GIVEN DATA =

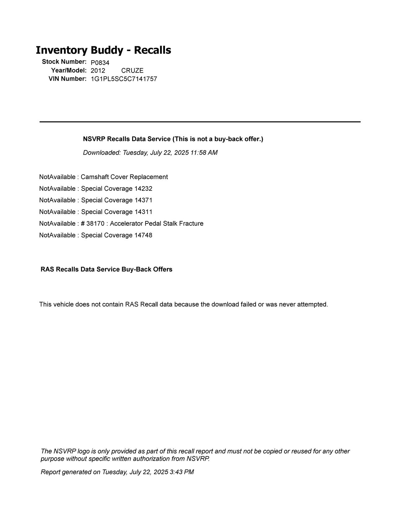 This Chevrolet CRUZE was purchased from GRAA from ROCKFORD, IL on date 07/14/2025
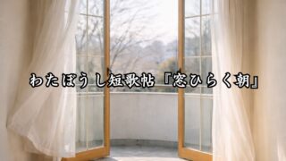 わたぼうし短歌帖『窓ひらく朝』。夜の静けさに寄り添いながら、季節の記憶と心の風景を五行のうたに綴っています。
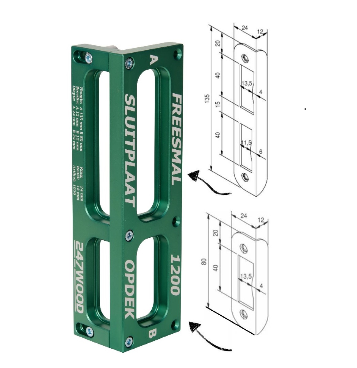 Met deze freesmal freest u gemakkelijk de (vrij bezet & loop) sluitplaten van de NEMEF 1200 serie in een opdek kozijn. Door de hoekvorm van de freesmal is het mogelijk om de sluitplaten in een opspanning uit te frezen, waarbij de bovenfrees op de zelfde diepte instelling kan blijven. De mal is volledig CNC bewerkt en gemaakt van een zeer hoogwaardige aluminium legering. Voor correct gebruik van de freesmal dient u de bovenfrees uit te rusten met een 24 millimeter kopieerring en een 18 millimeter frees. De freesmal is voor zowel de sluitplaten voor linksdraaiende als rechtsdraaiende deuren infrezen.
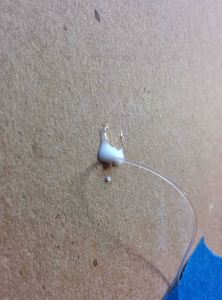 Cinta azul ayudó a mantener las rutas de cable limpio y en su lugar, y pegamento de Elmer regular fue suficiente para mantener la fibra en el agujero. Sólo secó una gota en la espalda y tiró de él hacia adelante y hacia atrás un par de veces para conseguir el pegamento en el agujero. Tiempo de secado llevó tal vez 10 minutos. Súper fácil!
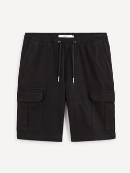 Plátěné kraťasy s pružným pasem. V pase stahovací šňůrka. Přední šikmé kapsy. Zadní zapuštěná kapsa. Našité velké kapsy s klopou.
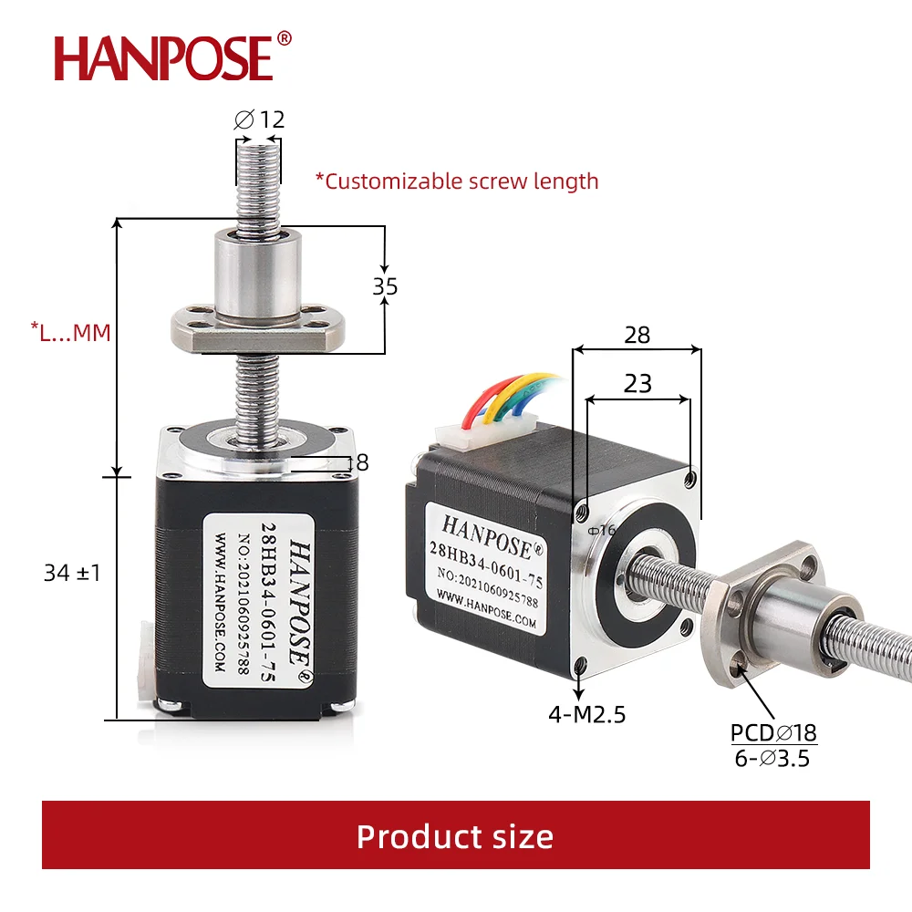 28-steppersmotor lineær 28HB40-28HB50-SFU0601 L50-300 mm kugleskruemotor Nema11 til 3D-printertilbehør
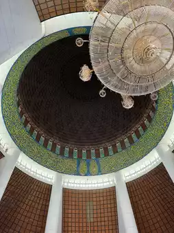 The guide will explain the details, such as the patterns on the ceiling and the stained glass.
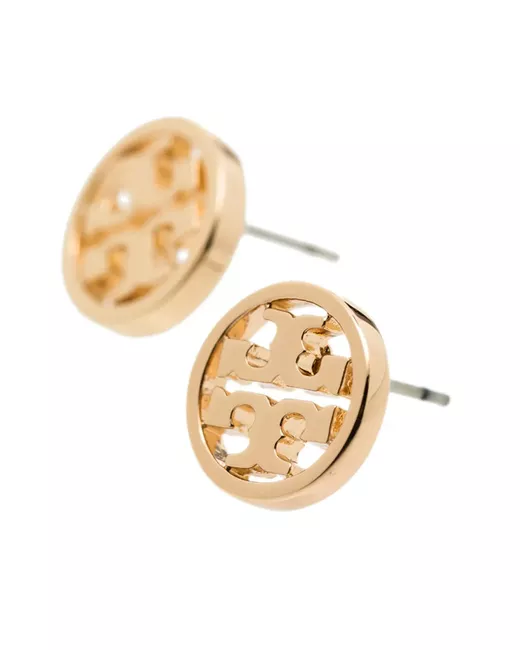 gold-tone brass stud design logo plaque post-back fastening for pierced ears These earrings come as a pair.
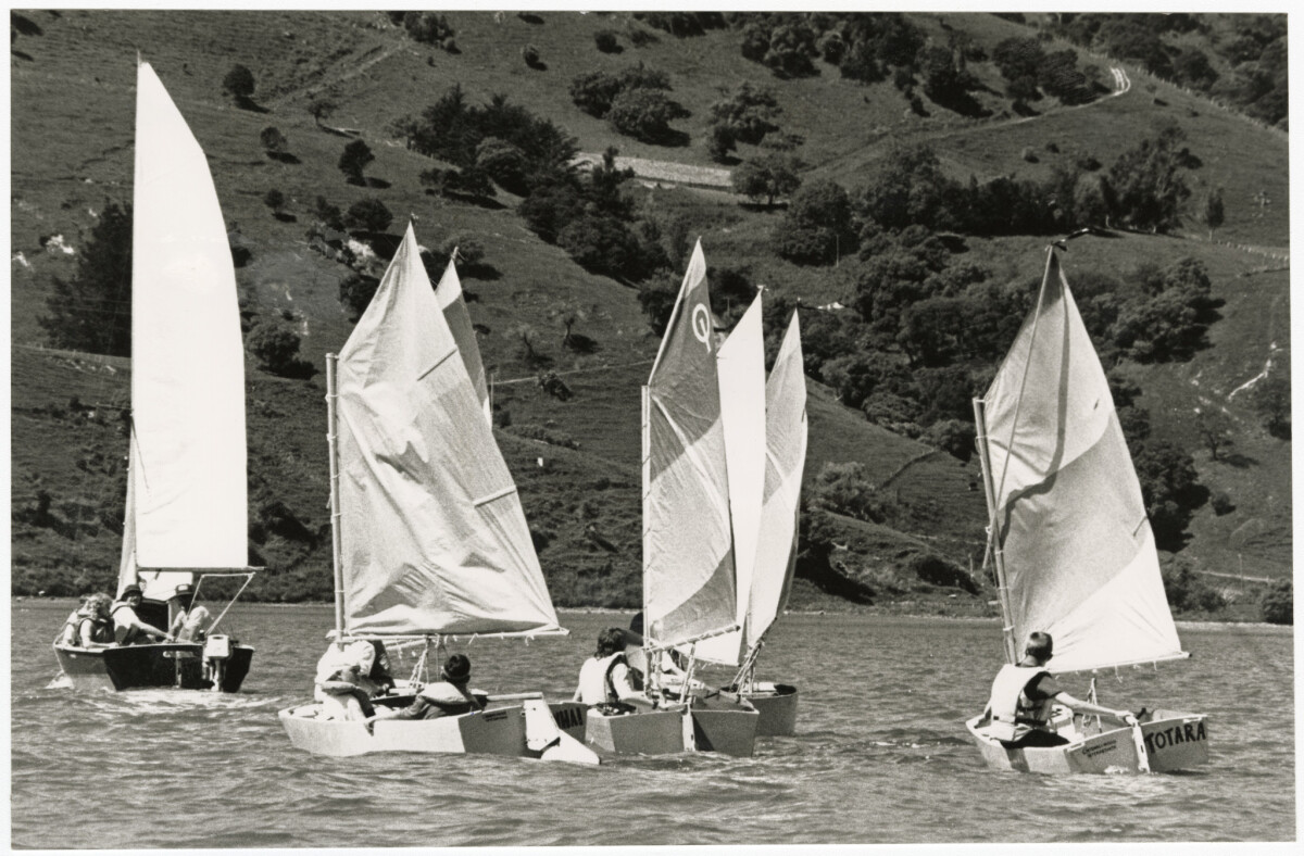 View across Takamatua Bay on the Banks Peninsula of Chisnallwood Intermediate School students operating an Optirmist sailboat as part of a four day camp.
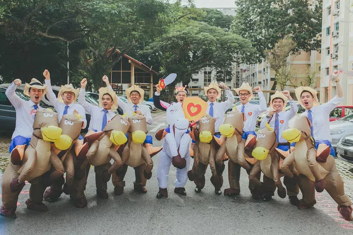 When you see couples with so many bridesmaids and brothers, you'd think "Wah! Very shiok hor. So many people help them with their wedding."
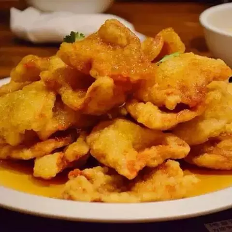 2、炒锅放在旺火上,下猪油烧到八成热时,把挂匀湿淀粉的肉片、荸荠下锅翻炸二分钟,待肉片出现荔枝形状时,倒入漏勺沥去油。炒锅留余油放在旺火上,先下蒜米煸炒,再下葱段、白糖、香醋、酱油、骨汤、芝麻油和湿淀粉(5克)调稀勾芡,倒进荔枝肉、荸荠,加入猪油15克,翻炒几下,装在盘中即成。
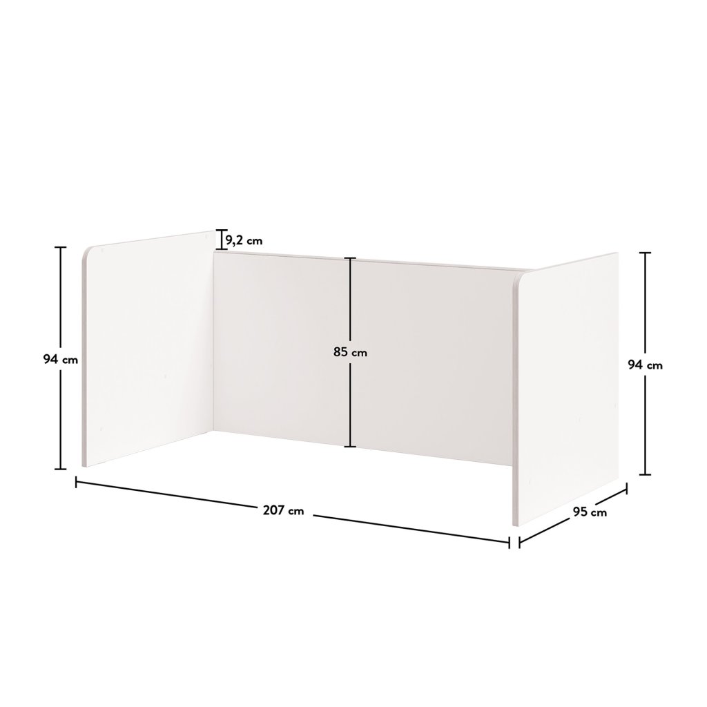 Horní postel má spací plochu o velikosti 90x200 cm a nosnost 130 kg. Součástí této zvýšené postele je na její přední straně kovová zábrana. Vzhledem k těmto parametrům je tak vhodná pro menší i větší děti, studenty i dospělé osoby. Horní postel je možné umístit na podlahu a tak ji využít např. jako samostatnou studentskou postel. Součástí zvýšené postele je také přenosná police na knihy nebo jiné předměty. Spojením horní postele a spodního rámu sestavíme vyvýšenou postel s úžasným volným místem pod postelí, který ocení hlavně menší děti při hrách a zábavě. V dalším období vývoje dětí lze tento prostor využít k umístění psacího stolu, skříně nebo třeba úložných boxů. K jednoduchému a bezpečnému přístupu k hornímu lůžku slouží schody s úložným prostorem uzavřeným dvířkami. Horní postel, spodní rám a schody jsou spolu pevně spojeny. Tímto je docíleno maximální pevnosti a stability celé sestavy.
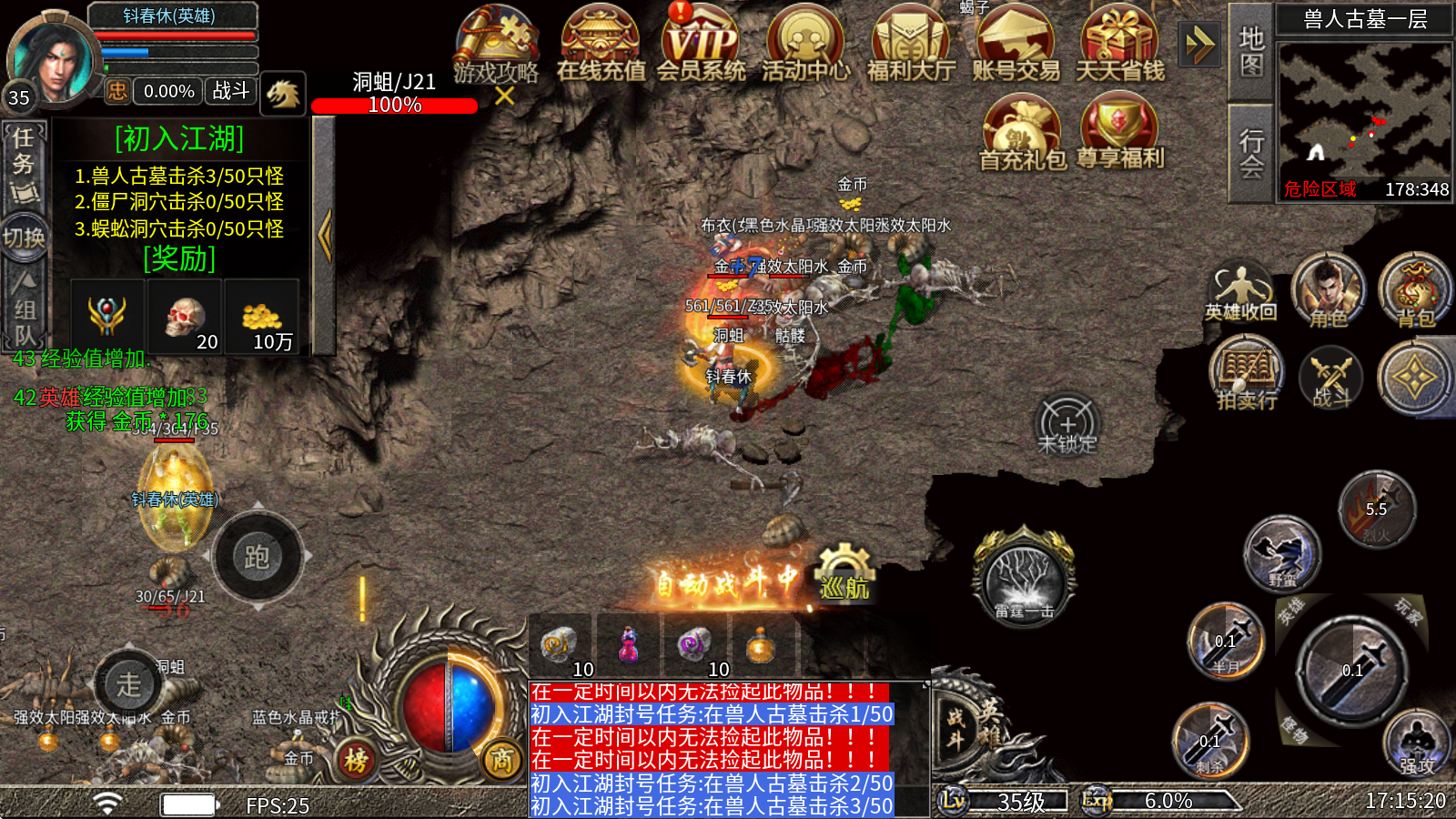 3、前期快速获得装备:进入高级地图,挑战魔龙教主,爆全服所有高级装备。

DIRECTIONS FOR THIS TASK = Word-for-word transcript, pictures excluded: copy all the material above.

REPLY TO THE EXERCISE =
 This Chevrolet CRUZE was purchased from GRAA from ROCKFORD, IL on date 07/14/2025
 わたぼうし短歌帖『窓ひらく朝』。夜の静けさに寄り添いながら、季節の記憶と心の風景を五行のうたに綴っています。
 Met deze freesmal freest u gemakkelijk de (vrij bezet & loop) sluitplaten van de NEMEF 1200 serie in een opdek kozijn. Door de hoekvorm van de freesmal is het mogelijk om de sluitplaten in een opspanning uit te frezen, waarbij de bovenfrees op de zelfde diepte instelling kan blijven. De mal is volledig CNC bewerkt en gemaakt van een zeer hoogwaardige aluminium legering. Voor correct gebruik van de freesmal dient u de bovenfrees uit te rusten met een 24 millimeter kopieerring en een 18 millimeter frees. De freesmal is voor zowel de sluitplaten voor linksdraaiende als rechtsdraaiende deuren infrezen.
 Cinta azul ayudó a mantener las rutas de cable limpio y en su lugar, y pegamento de Elmer regular fue suficiente para mantener la fibra en el agujero. Sólo secó una gota en la espalda y tiró de él hacia adelante y hacia atrás un par de veces para conseguir el pegamento en el agujero. Tiempo de secado llevó tal vez 10 minutos. Súper fácil!
 Plátěné kraťasy s pružným pasem. V pase stahovací šňůrka. Přední šikmé kapsy. Zadní zapuštěná kapsa. Našité velké kapsy s klopou.
 28-steppersmotor lineær 28HB40-28HB50-SFU0601 L50-300 mm kugleskruemotor Nema11 til 3D-printertilbehør
 The guide will explain the details, such as the patterns on the ceiling and the stained glass.
 gold-tone brass stud design logo plaque post-back fastening for pierced ears These earrings come as a pair.
 View across Takamatua Bay on the Banks Peninsula of Chisnallwood Intermediate School students operating an Optirmist sailboat as part of a four day camp.
 When you see couples with so many bridesmaids and brothers, you'd think "Wah! Very shiok hor. So many people help them with their wedding."
 2、炒锅放在旺火上,下猪油烧到八成热时,把挂匀湿淀粉的肉片、荸荠下锅翻炸二分钟,待肉片出现荔枝形状时,倒入漏勺沥去油。炒锅留余油放在旺火上,先下蒜米煸炒,再下葱段、白糖、香醋、酱油、骨汤、芝麻油和湿淀粉(5克)调稀勾芡,倒进荔枝肉、荸荠,加入猪油15克,翻炒几下,装在盘中即成。
 Horní postel má spací plochu o velikosti 90x200 cm a nosnost 130 kg. Součástí této zvýšené postele je na její přední straně kovová zábrana. Vzhledem k těmto parametrům je tak vhodná pro menší i větší děti, studenty i dospělé osoby. Horní postel je možné umístit na podlahu a tak ji využít např. jako samostatnou studentskou postel. Součástí zvýšené postele je také přenosná police na knihy nebo jiné předměty. Spojením horní postele a spodního rámu sestavíme vyvýšenou postel s úžasným volným místem pod postelí, který ocení hlavně menší děti při hrách a zábavě. V dalším období vývoje dětí lze tento prostor využít k umístění psacího stolu, skříně nebo třeba úložných boxů. K jednoduchému a bezpečnému přístupu k hornímu lůžku slouží schody s úložným prostorem uzavřeným dvířkami. Horní postel, spodní rám a schody jsou spolu pevně spojeny. Tímto je docíleno maximální pevnosti a stability celé sestavy.
 3、前期快速获得装备:进入高级地图,挑战魔龙教主,爆全服所有高级装备。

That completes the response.